Wondering how to control federal spending?

Have you ever wondered why federal spending continues to increase despite the ongoing economic downturn and in the face of all the bluster about the debt ceiling that came out of Washington this past summer? The hidden driver is something called “baseline budgeting.” More on that below.

In a household or in any business, budgets are formally or informally set based on income, projected over some period of time. In many households, that time frame may be as short as a month; for large corporations, it may be five years or more.

But in both small and large budgeting situations, mid-course adjustments are made when expectations change — for the better or worse. So if our income decreases, we reduce our spending on something. And we incorporate that reduction into our future plans. But not so the federal government.

Beginning in 1974 with the passage of the Congressional Budget Act, the federal budget was set up to effectively run on cruise control. The situation was exacerbated in 1987 with passage of the amazingly misnamed Deficit Control Act, which essentially accelerates the cruise-control setting yearly by adding a built-in inflation multiplier.

These laws put in motion a process that effectively locks in a level of spending for each year’s federal budget based on the level of spending the previous year, plus a built-in inflation multiplier, of between 3 and 10 percent. No further action required. The government just runs itself at a higher and higher spending rate year after year.

(For the purposes of this article, I am not discussing Social Security, Medicare and Medicaid. They require their own separate analysis. This discussion covers everything else: the Department of Defense, the EPA, the Department of Education, etc.)

Here’s how this works in current practice. The baseline federal budget for 2012 is $3.6 trillion (Yes, that’s $3,600,000,000,000.) Using the “baseline cruise control” method described above, the federal budget for 2021 is projected to be a mind-blowing $5.7 trillion. And it will rise to $5.7 trillion, automatically, because of baseline budgeting, without a meeting or a vote. It’s just baked in.
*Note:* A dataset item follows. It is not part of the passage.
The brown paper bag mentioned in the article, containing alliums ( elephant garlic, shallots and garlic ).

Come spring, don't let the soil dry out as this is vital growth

When one adds in all the years between 2012 and 2021, there are about $10 trillion of aggregate spending increases baked into future Federal budgets. Wild, right?
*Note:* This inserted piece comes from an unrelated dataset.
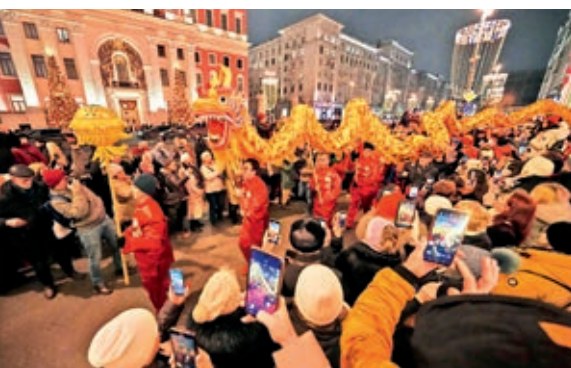
Dragon dancers perform during celebrations of Lunar New Year in Moscow, on Tuesday.
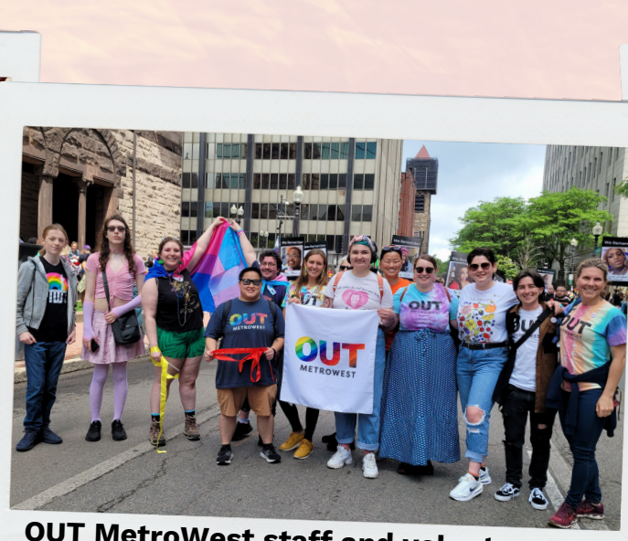
OUT MetroWest staff and volunteers at Boston Pride for the People. One of 20+ Pride events we attended this year!

As crazy as the situation sounds so far, the next act is where the gimmickry really gets out of control. This past summer, a deal was struck to raise the federal debt ceiling by $2.5 trillion in exchange for $1 trillion in budget cuts agreed to in August and $1.5 trillion more scheduled to be negotiated by a House/Senate super committee over the next six months.

Because of baseline budgeting, the only cuts which are “real” are those, if any, made in the current year, because those cuts reduce the baseline upon which next year’s budget is based. Any cuts made in future years are nothing more than reductions in the built-in increases.

So if $2.5 trillion in “cuts” are agreed to be applied in years beyond 2011, the actual result is to reduce the built-in increases from the $10 trillion discussed above to $7.5 trillion.

That’s right! No cuts, just a modestly smaller increase. Gives you some idea of how we’re bankrupting the country, and doing so at an accelerating pace. Consider that a baked-in average multiplier of 5 percent, left to work its numerical compound interest magic, will double a budget in about 15 years.

It’s this crazy: If tomorrow Congress passed a bill that approved spending $5 trillion to cover the entire surface of the USA with yogurt in 2015, that spending becomes part of the baseline. If next year the “Yogurt Coverage Bill” were repealed, the Congressional Budget Office would report a $5 trillion cut in the federal budget.

Earlier I wrote about mid-course budget corrections. There’s a formal name for this process: zero-based budgeting. It’s based on common sense. The budgeting process begins by justifying whether a particular expenditure is still needed and affordable or whether it can be frozen, cut or eliminated over the coming year. Every program and department has to present its plan and that plan has to be approved.

This is how it’s done in the business world. In that world budgets are built from the bottom up, department by department. Implementing some form of this process is one realistic way of achieving substantial, vital cuts in government spending. At the state level, zero-based budgeting has already been initiated. New Jersey is one example where, out of fiscal necessity, a bipartisan effort is underway to control spending using this real-world method.

 Increasing taxes is not a solution to this country’s debt issues. In fact, it would make the problem worse by masking the real disease, which is baseline budgeting. Giving the federal government more money through taxation does not result in a cut of a single dollar of spending.

Neither the current administration nor past administrations have been the least bit honest about baseline budgeting’s cumulative output of spending demands. If the country is to move back toward fiscal sanity, we citizens need to push back on candidates and ask where they stand on such a vital issue.
 

 Richard Shanley, CPA is a retired audit partner of the accounting firm of Deloitte & Touche. He lives in Salisbury.